Data block:
[Start of section]
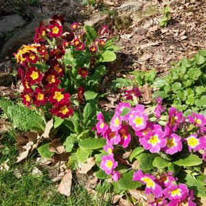 木陰あるプリムローズ達。 色合いを考えずに植えた結果がこれです。 黒と黄色のは、あんまりプリムローズっぽくないので、別のカテゴリにしたい。
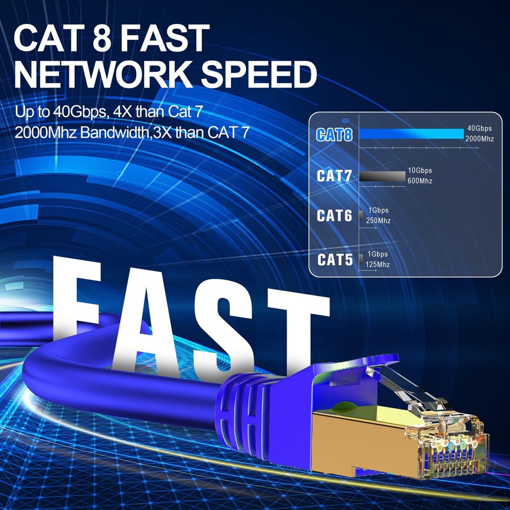 -Category 8 Blue Round Ethernet Cable, thicker core, high speed transmission, can be used in office home internet cafe as well as computer room. Network Patch Cords - Choose High Speed: Cat 8 Ethernet cable with 300FT high bandwidth up to 2000MHz and 40Gbps ensures high speed data transmission stability and faster LAN. Wide Compatibility: Cat8 Ethernet cable adopts gold-plated RJ45 connectors, which is perfectly compatible with routers, modems, switches, PCs, laptops, PS5, PS4, PS3, X-Box 360, X-Box One, couplers, hubs, Keystone outlets, Smart TVs, Imacs, etc. It is also backward compatible with Cat6, Cat5e, Cat5 SFTP Superior Interference Resistance: Cat 8 cables are constructed with 4 pairs of bare copper wires and SFTP (Shielded Twisted Pair) shielding to provide optimal protection against EMI/RFI (Electromagnetic Interference) and to reduce AXT (Crosstalk) for high fidelity, long distance data transmission, increasing the security and reliability of data transmission. Durable and Flexible PVC Jacket: The Cat8 cable is made of environmentally friendly PVC with a thick outer layer, which protects the inner core from damage and is resistant to abrasion and bending; the soft taps help us to insert it more easily without force. Available Lengths: Cat 8 cable is available in different lengths to meet your needs. 3ft/6ft/10ft/15ft/25ft/50ft/75ft/100ft/200ft available. 24 hours customer service. If there is any problem, please feel free to contact us, we will solve it for you as soon as possible.
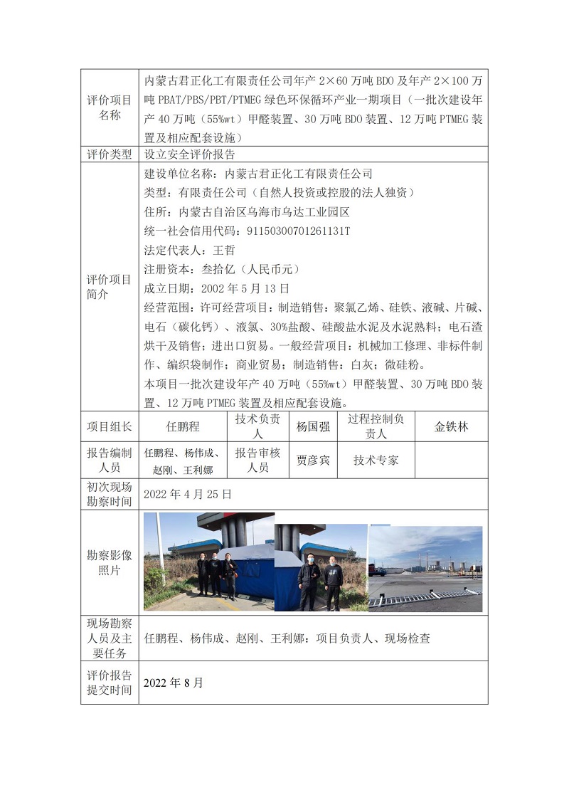 内蒙古君正化工有限责任公司绿色环保循环产业一期项目公示信息表
[End of section]
What this task involves: Could the data above be repeated exactly, with every picture dropped?

Task result:
 木陰あるプリムローズ達。 色合いを考えずに植えた結果がこれです。 黒と黄色のは、あんまりプリムローズっぽくないので、別のカテゴリにしたい。
 -Category 8 Blue Round Ethernet Cable, thicker core, high speed transmission, can be used in office home internet cafe as well as computer room. Network Patch Cords - Choose High Speed: Cat 8 Ethernet cable with 300FT high bandwidth up to 2000MHz and 40Gbps ensures high speed data transmission stability and faster LAN. Wide Compatibility: Cat8 Ethernet cable adopts gold-plated RJ45 connectors, which is perfectly compatible with routers, modems, switches, PCs, laptops, PS5, PS4, PS3, X-Box 360, X-Box One, couplers, hubs, Keystone outlets, Smart TVs, Imacs, etc. It is also backward compatible with Cat6, Cat5e, Cat5 SFTP Superior Interference Resistance: Cat 8 cables are constructed with 4 pairs of bare copper wires and SFTP (Shielded Twisted Pair) shielding to provide optimal protection against EMI/RFI (Electromagnetic Interference) and to reduce AXT (Crosstalk) for high fidelity, long distance data transmission, increasing the security and reliability of data transmission. Durable and Flexible PVC Jacket: The Cat8 cable is made of environmentally friendly PVC with a thick outer layer, which protects the inner core from damage and is resistant to abrasion and bending; the soft taps help us to insert it more easily without force. Available Lengths: Cat 8 cable is available in different lengths to meet your needs. 3ft/6ft/10ft/15ft/25ft/50ft/75ft/100ft/200ft available. 24 hours customer service. If there is any problem, please feel free to contact us, we will solve it for you as soon as possible.
 内蒙古君正化工有限责任公司绿色环保循环产业一期项目公示信息表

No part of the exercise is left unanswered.